WORK TO COMPLETE = Pictures stay out; everything else in the records below is copied exactly.
━━━━━━━━━━━━━━━━━━━━
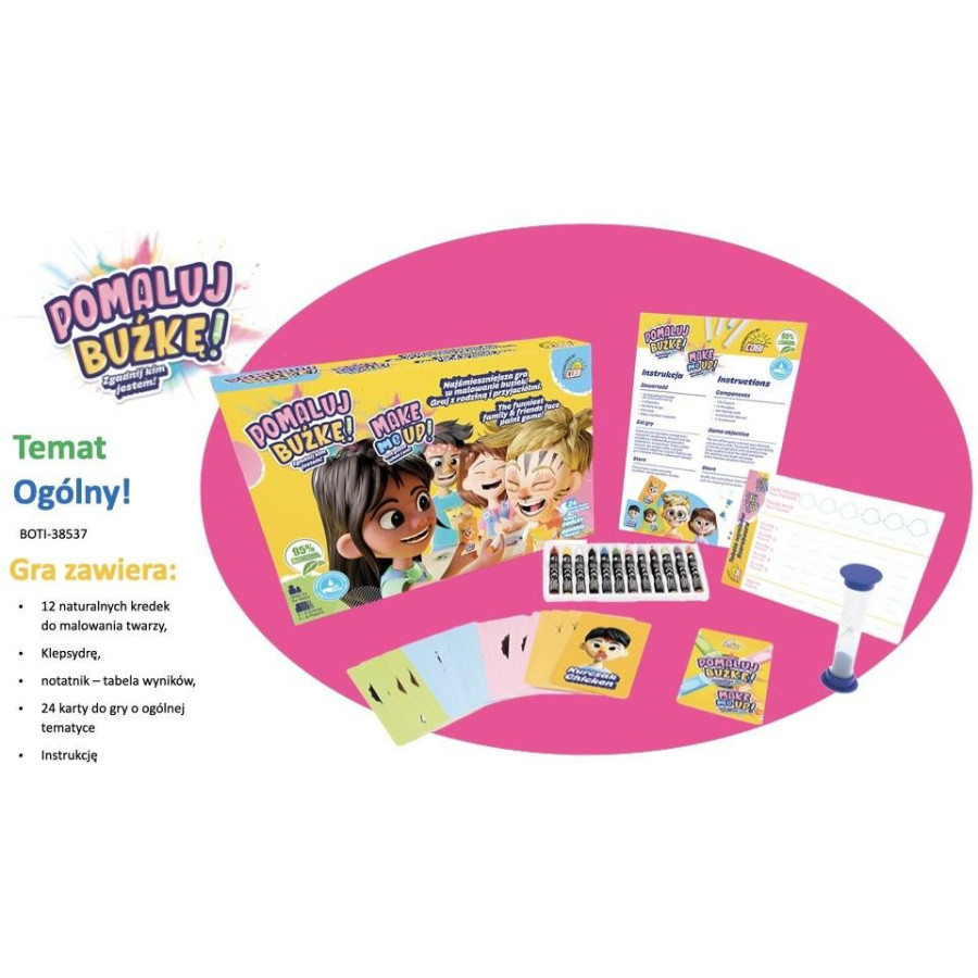W zestawie jest 12 naturalnych kredek do malowania twarzy, klepsydra, notatnik - tabela wyników, 24 karty do gry o tematyce ogólnej.
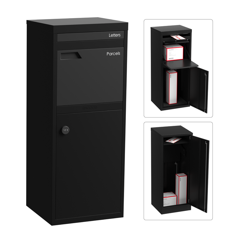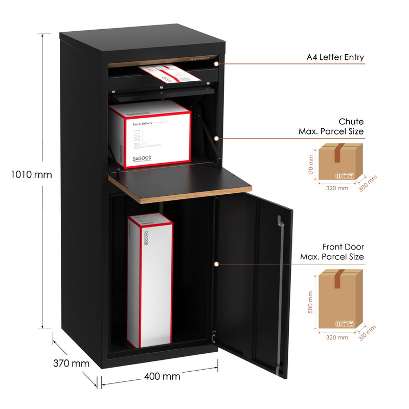 Parker separates letters and parcels to keep deliveries organised and secure. Letters are posted through the A4 mail slot into a separate upper letter compartment, remaining accessible via the rear door. Medium parcels are delivered through the top chute, while larger parcels are placed into the lower compartment.
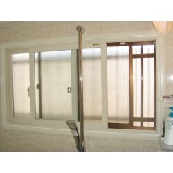 バスルームにある大きめの窓から入る冷気で、寒さを感じるバスルームでしたが、リクシル製 インプラス複層ガラスを取り付けることで、断熱効果があり、結露を防ぎ、防音効果もあがります。住宅エコポイントの対象となる工事で、浴室工事に合わせてご提案しました。窓の工事は短時間で終わります。
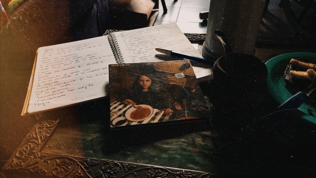 «La cuestión es que querían fotos de archivo y entre ellas estaba la de la niña que come unos frijoles con salsa, sobre un mantel, que finalmente fue la imagen de la tapa del disco. No recuerdo si esa chica era brasileña o ucraniana, pero sí sé que no era argentina (no fue una foto producida acá). La eligieron Andy y Claudio – aunque tal vez se la presentaron a Charly o a los cuatro y ahí recién dieron el visto bueno, no sé – y a mí me causaba mucha emoción que esa imagen, salida de ese lugar, fuera a convertirse en la foto de la tapa de un disco tan hermoso.
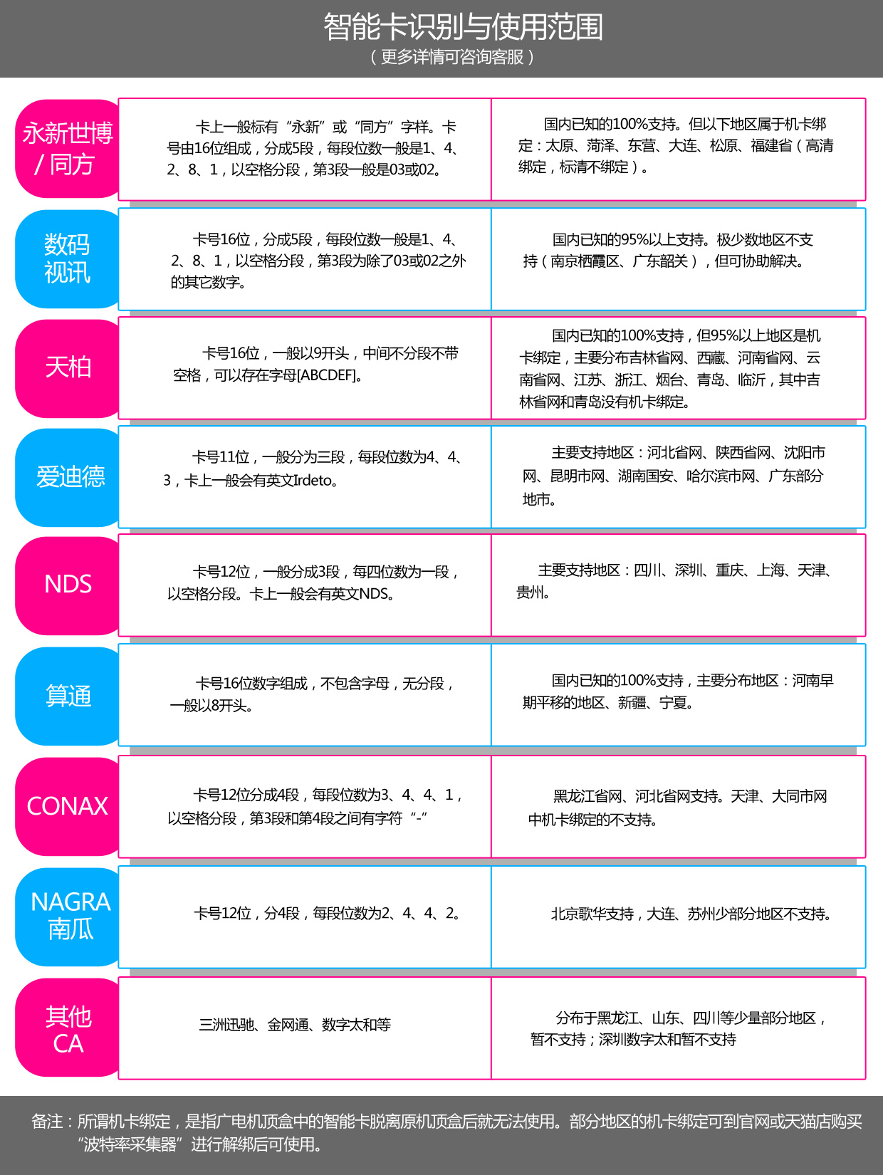 一種方法是從廣電盒子的菜單-系統(tǒng)信息、CA信息或智能卡信息中查看是否有類似“機(jī)頂盒已配對(duì)”或者“配對(duì)成功”的提示信息;另一種方法是把自己的智能卡插入其它采用相同智能卡的廣電盒子,若節(jié)目不能觀看并提示“機(jī)卡不對(duì)應(yīng)”等字樣,則表明該卡是機(jī)卡綁定。
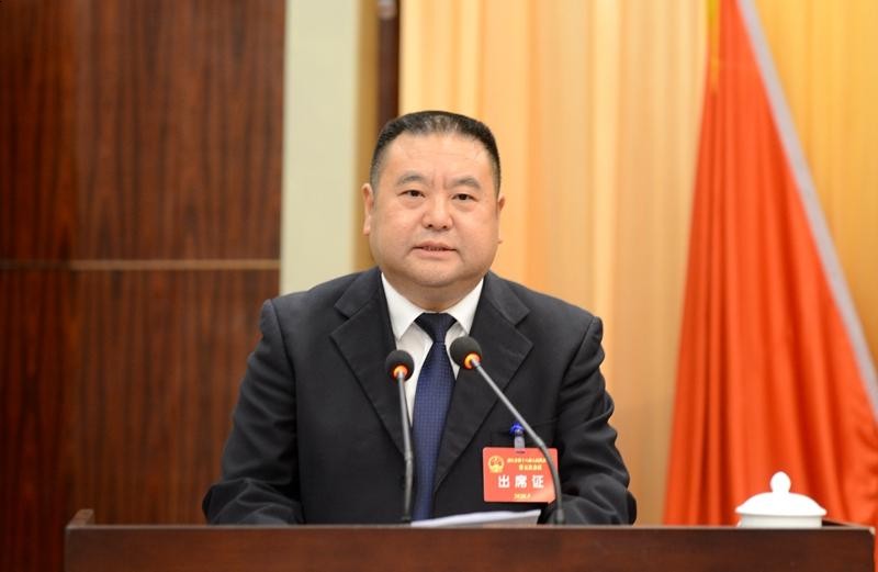 受县十八届人大常委会委托,县人大常委会主任杨森儒作县人大常委会工作报告。
━━━━━━━━━━━━━━━━━━━━
ANSWER =
W zestawie jest 12 naturalnych kredek do malowania twarzy, klepsydra, notatnik - tabela wyników, 24 karty do gry o tematyce ogólnej.
 Parker separates letters and parcels to keep deliveries organised and secure. Letters are posted through the A4 mail slot into a separate upper letter compartment, remaining accessible via the rear door. Medium parcels are delivered through the top chute, while larger parcels are placed into the lower compartment.
 バスルームにある大きめの窓から入る冷気で、寒さを感じるバスルームでしたが、リクシル製 インプラス複層ガラスを取り付けることで、断熱効果があり、結露を防ぎ、防音効果もあがります。住宅エコポイントの対象となる工事で、浴室工事に合わせてご提案しました。窓の工事は短時間で終わります。
 «La cuestión es que querían fotos de archivo y entre ellas estaba la de la niña que come unos frijoles con salsa, sobre un mantel, que finalmente fue la imagen de la tapa del disco. No recuerdo si esa chica era brasileña o ucraniana, pero sí sé que no era argentina (no fue una foto producida acá). La eligieron Andy y Claudio – aunque tal vez se la presentaron a Charly o a los cuatro y ahí recién dieron el visto bueno, no sé – y a mí me causaba mucha emoción que esa imagen, salida de ese lugar, fuera a convertirse en la foto de la tapa de un disco tan hermoso.
 一種方法是從廣電盒子的菜單-系統(tǒng)信息、CA信息或智能卡信息中查看是否有類似“機(jī)頂盒已配對(duì)”或者“配對(duì)成功”的提示信息;另一種方法是把自己的智能卡插入其它采用相同智能卡的廣電盒子,若節(jié)目不能觀看并提示“機(jī)卡不對(duì)應(yīng)”等字樣,則表明該卡是機(jī)卡綁定。
 受县十八届人大常委会委托,县人大常委会主任杨森儒作县人大常委会工作报告。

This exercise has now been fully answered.